HOW TO COMPLETE THIS TASK |
Find the line with "This sparkling and" in the entries below, then reproduce it and every line after it down to and including the line with "เข้าเล่มเอกสารโดยใช้สันห่วงพลาสติกขนาดต่างๆ ตั้ง แต่", exactly.

RECORDS FOR THIS TASK |
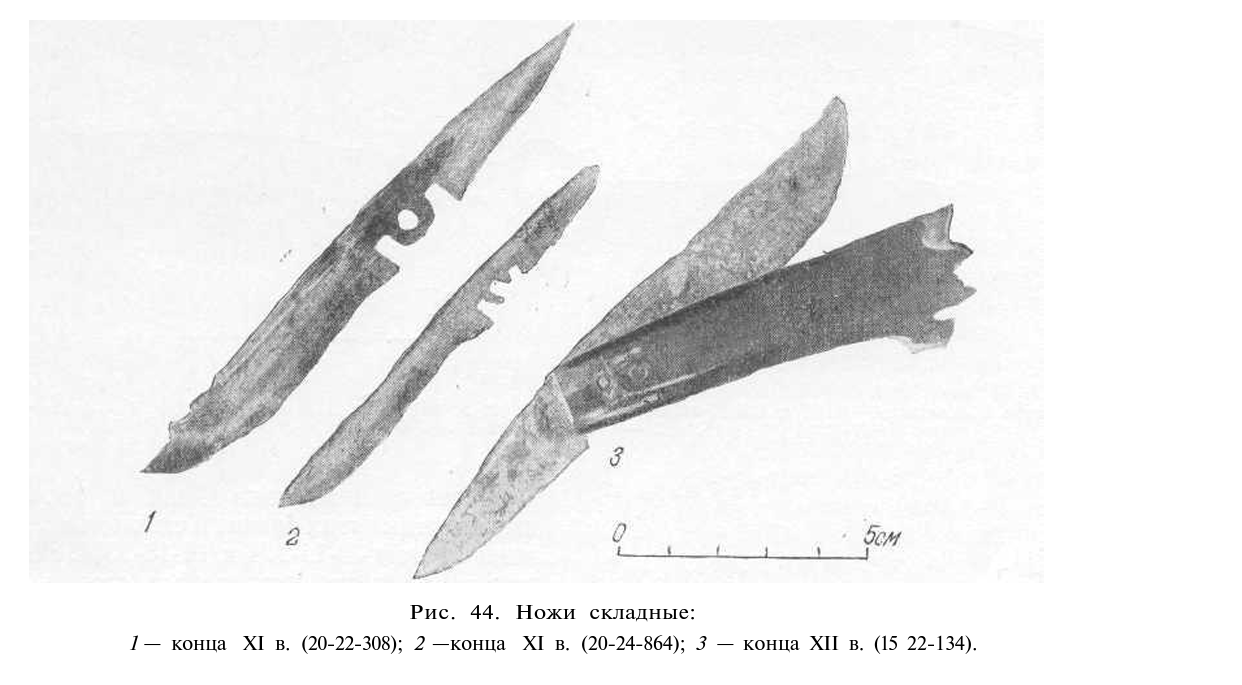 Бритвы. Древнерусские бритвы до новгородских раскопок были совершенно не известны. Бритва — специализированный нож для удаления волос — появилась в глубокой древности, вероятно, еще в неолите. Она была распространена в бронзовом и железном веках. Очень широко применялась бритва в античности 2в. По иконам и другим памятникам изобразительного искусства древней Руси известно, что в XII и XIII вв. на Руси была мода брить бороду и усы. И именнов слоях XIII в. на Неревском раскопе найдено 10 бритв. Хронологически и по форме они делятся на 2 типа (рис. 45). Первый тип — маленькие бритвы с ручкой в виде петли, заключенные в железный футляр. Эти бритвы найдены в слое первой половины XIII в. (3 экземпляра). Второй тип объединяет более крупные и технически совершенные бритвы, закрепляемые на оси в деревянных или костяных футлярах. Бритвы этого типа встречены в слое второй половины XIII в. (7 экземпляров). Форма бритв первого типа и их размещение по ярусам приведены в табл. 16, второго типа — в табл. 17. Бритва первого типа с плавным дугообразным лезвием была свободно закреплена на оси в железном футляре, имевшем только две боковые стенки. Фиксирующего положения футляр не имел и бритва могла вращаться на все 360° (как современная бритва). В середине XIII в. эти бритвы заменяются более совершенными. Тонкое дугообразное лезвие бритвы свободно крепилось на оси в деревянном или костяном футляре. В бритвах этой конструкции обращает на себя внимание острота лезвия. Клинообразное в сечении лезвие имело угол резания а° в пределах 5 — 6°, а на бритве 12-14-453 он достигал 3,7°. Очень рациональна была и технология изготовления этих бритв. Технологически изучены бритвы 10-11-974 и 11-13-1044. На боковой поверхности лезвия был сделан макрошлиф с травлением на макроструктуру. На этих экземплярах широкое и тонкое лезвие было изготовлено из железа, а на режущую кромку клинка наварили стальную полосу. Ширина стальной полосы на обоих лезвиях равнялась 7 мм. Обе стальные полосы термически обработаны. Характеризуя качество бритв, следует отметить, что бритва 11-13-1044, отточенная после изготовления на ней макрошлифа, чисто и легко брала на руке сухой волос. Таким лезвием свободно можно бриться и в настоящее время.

--

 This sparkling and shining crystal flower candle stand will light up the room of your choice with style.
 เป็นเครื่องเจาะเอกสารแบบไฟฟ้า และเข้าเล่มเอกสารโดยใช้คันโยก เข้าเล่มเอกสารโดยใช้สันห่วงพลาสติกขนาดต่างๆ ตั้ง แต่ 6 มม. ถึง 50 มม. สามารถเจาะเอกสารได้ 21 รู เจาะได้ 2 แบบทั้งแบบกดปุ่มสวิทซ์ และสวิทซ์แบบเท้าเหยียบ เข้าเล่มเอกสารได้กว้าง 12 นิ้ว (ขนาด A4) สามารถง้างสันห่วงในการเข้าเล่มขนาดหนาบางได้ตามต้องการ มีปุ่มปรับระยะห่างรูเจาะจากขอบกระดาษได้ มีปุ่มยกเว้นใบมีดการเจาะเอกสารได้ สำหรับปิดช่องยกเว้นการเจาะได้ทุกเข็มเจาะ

...

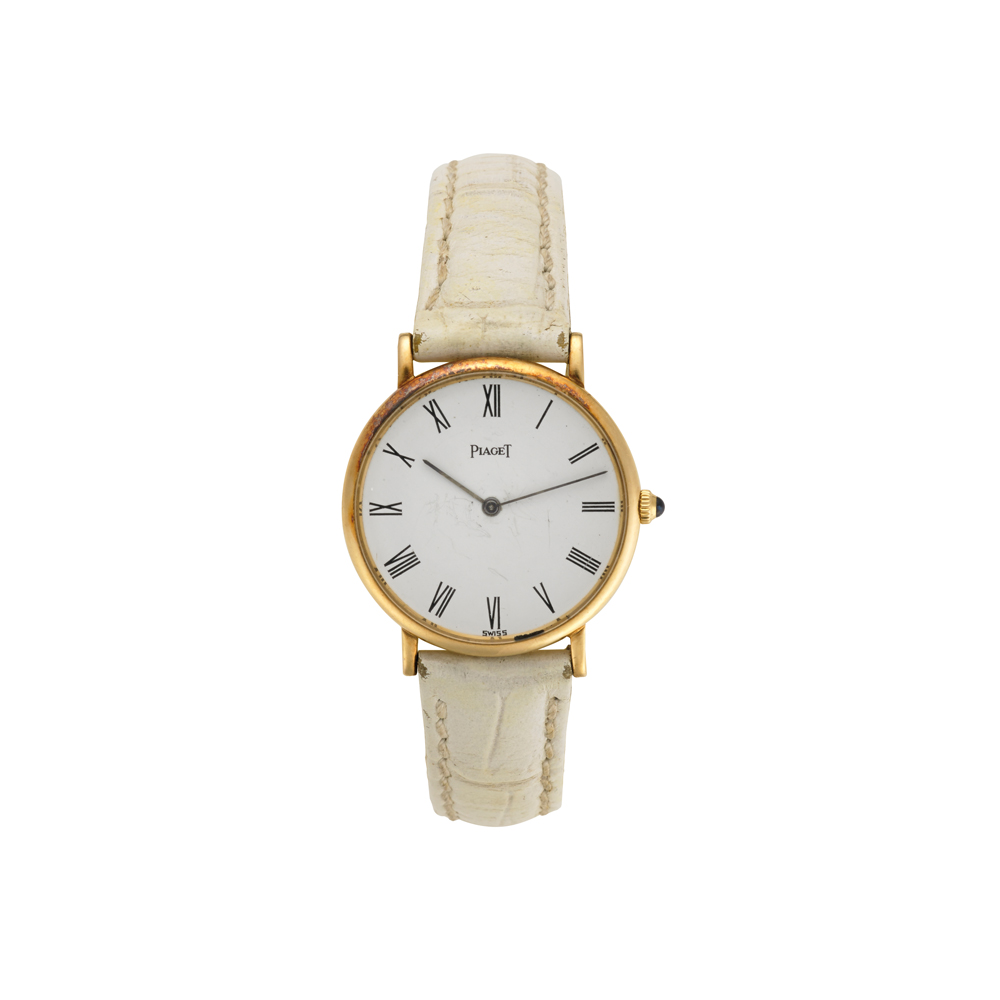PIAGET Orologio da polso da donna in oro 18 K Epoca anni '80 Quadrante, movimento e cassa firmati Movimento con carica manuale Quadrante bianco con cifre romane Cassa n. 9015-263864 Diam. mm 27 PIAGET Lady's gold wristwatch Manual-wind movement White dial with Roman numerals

RESULT |
 This sparkling and shining crystal flower candle stand will light up the room of your choice with style.
 เป็นเครื่องเจาะเอกสารแบบไฟฟ้า และเข้าเล่มเอกสารโดยใช้คันโยก เข้าเล่มเอกสารโดยใช้สันห่วงพลาสติกขนาดต่างๆ ตั้ง แต่ 6 มม. ถึง 50 มม. สามารถเจาะเอกสารได้ 21 รู เจาะได้ 2 แบบทั้งแบบกดปุ่มสวิทซ์ และสวิทซ์แบบเท้าเหยียบ เข้าเล่มเอกสารได้กว้าง 12 นิ้ว (ขนาด A4) สามารถง้างสันห่วงในการเข้าเล่มขนาดหนาบางได้ตามต้องการ มีปุ่มปรับระยะห่างรูเจาะจากขอบกระดาษได้ มีปุ่มยกเว้นใบมีดการเจาะเอกสารได้ สำหรับปิดช่องยกเว้นการเจาะได้ทุกเข็มเจาะ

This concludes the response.